On the evening of 14 September 2008, the respondent was walking along a footpath in suburban Shepparton when he decided to cut across a reserve which was part of parkland area under the control of and maintained by the applicant Council. The respondent tripped over a protruding stormwater pit located in the reserve and suffered injuries.
Decision at trial
At first instance the trial judge found the applicant had breached its statutory and common law duty of care and awarded the respondent $422,710.00 in damages.
Issues on appeal
The substantive issues for the Court of Appeal were: whether the trial judge erred in classifying the reserve as a ‘pathway’ as opposed to ‘roadside’, with the consequence that s107 of the Road Management Act 2004 (VIC) would serve as a complete defence to the claim; and whether the trial judge erred in addressing and determining the question of breach of common law and statutory duty.
Decision on appeal
The Court of Appeal found the applicant made out the first ground of appeal, in that the reserve was properly classified as a roadside and that s107 operated as a complete defence to the breach of statutory duty claim. However, as conceded by the applicant, the pit was non-road infrastructure and s107 did not absolve the applicant from complying with the common law duties it owed as the non-road infrastructure manager.

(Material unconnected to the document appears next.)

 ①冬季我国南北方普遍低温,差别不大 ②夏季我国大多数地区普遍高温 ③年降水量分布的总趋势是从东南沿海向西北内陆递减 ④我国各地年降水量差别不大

The second and third grounds of appeal focused on alleged defective findings of fact by the trial judge regarding the probability of the risk and the effective measures that could have been put in place to alleviate the risk.

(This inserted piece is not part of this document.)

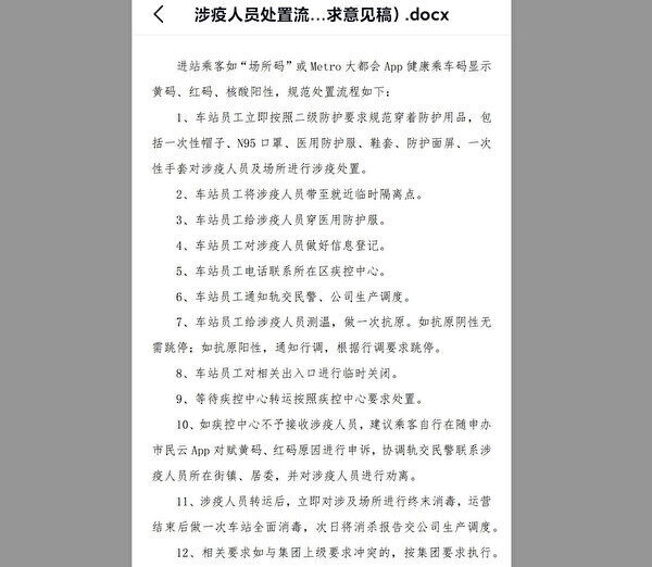 Mme Liang a souligné que le réseau de métro de Shanghai vient d’émettre une circulaire interne sur les mesures de prévention des épidémies. « Le chef de station vient de nous envoyer un document intitulé ‘Procédure de traitement des passagers positifs au Covid-19’. Il détaille les mesures strictes, mais nous ne savons pas quand il sera mis en œuvre. Ils nous ont juste dit de nous préparer à l’application des mesures de contrôle de l’épidémie et de nous familiariser avec ces mesures dès que possible. Ils nous ont informés que si l’épidémie ne peut être contrôlée, la procédure sera probablement mise en application en mars. »

The Court of Appeal was reluctant to disturb the trial judge’s findings of fact when his Honour was in a better position to assess the evidence firsthand. As to the probability of the risk occurring, the Court of Appeal found no appealable error in the trial judge’s reasoning, and found that he did provide an appropriate basis for the findings on both the seriousness and likelihood of the risk and the probability that in a suburban area, pedestrians would cross the reserve at night.

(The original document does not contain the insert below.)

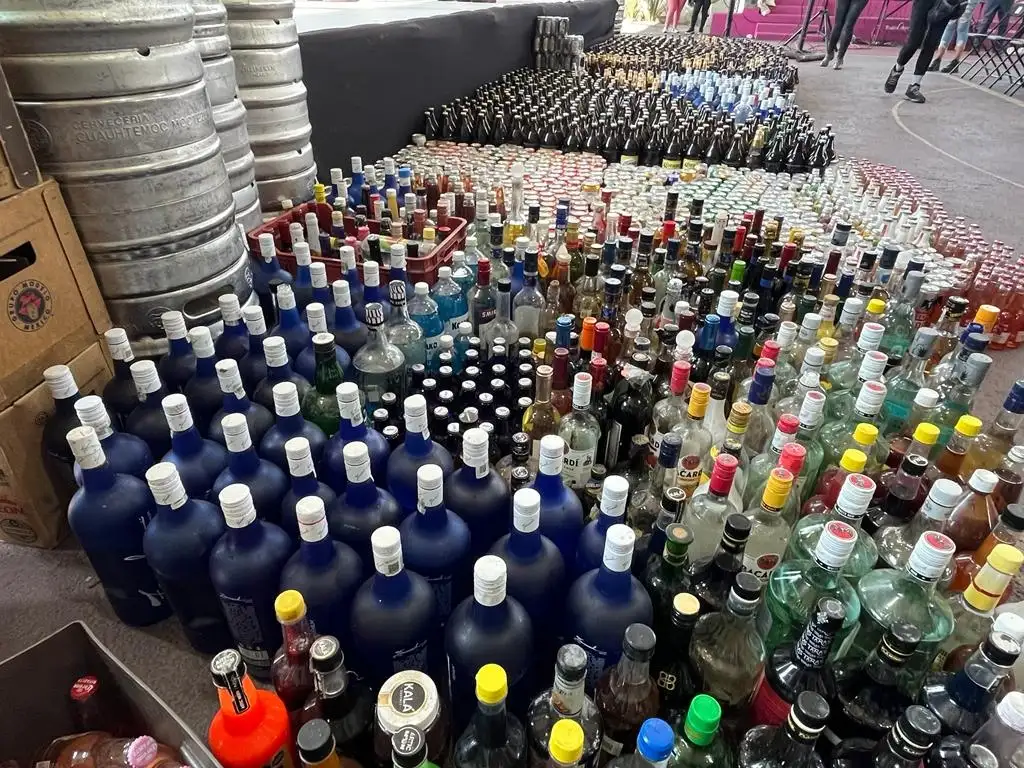 Ciudad de México. Más de dos mil litros de alcohol, decomisados en bares clandestinos de la alcaldía Iztapalapa, fueron destruidos como parte de un programa de seguridad en la demarcación. Foto Alfredo Domínguez

As to the simple remedial measures that the applicant could have taken to reduce or eliminate the risk (such as building up the surrounding ground to make the pit flush with the surrounding land), the Court of Appeal found they were properly the subject of common sense reasoning and no expert evidence was needed to establish such measures. It was therefore open to the trial judge to make such findings even though there was no direct evidence of the cost or ease of implementing these precautions.
The appeal was dismissed.
Implications for you
Where a local authority fails to adduce evidence that precautions that could be taken to reduce hazards on local authority land are not reasonable, it is open for a court to use common sense and common knowledge to infer that they are in fact reasonable.